**Assignment**
Begin your copy at the line with "朱玉朝一行在座談前看望了救援隊隊員,查看了救援隊裝備設備。" in the records below and end it at the line with "9月26日,金年会jinni", restating each line word for word; omit the pictures.

**Entries shown**
--- START ---
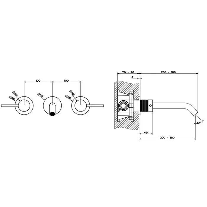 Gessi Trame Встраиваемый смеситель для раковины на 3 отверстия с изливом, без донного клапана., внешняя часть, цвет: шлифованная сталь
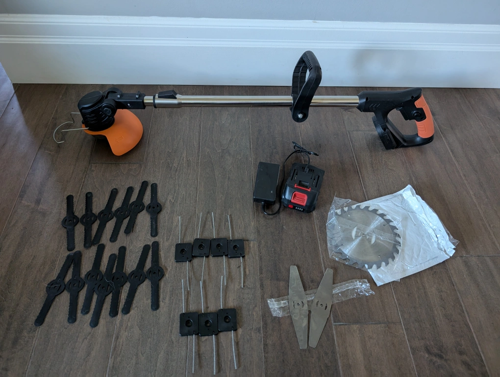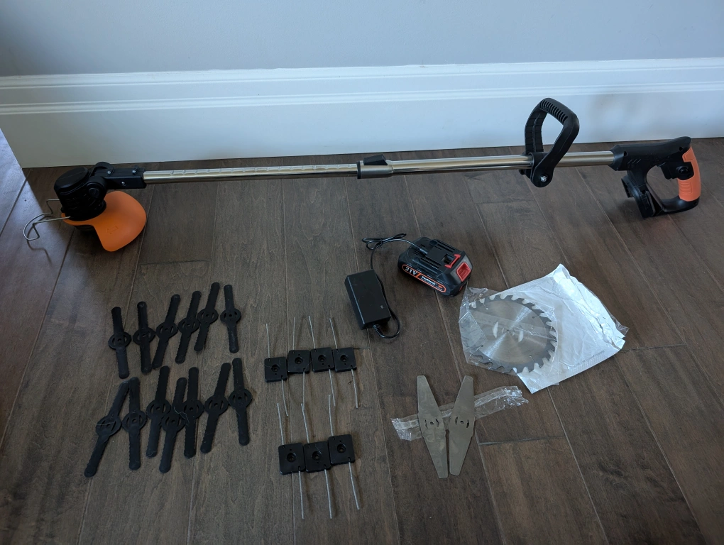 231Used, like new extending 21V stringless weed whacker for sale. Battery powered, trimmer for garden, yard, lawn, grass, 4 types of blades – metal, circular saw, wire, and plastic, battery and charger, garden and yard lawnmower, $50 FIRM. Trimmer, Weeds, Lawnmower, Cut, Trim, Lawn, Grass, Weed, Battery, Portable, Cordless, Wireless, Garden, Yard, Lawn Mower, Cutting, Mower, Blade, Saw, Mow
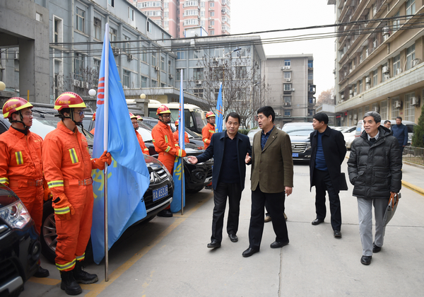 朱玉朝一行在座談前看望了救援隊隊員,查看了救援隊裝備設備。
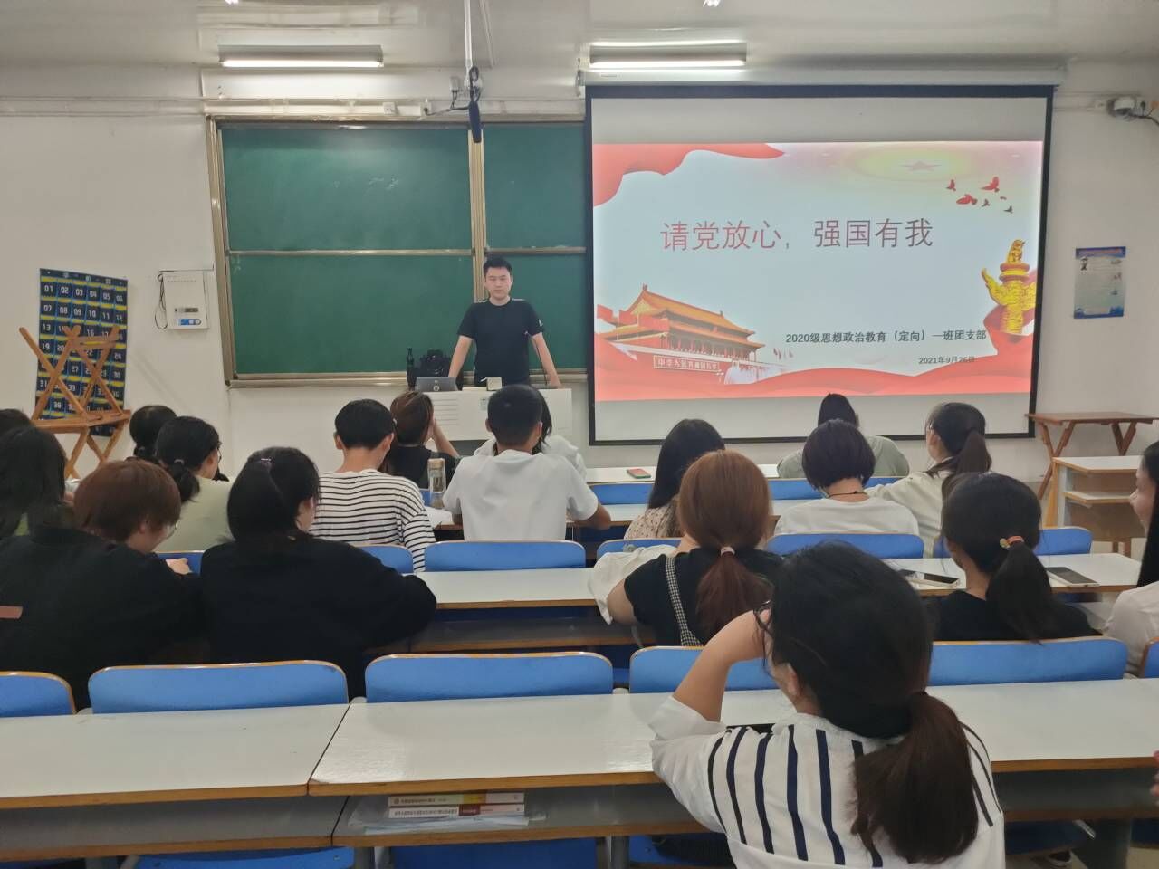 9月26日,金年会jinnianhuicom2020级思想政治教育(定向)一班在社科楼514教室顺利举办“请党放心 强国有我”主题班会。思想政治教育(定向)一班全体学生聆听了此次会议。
--- END ---
--- START ---
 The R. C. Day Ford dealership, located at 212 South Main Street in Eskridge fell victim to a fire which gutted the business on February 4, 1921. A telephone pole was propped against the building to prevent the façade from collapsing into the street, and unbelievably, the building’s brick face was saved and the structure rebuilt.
--- END ---
**Response to this task**
 朱玉朝一行在座談前看望了救援隊隊員,查看了救援隊裝備設備。
 9月26日,金年会jinnianhuicom2020级思想政治教育(定向)一班在社科楼514教室顺利举办“请党放心 强国有我”主题班会。思想政治教育(定向)一班全体学生聆听了此次会议。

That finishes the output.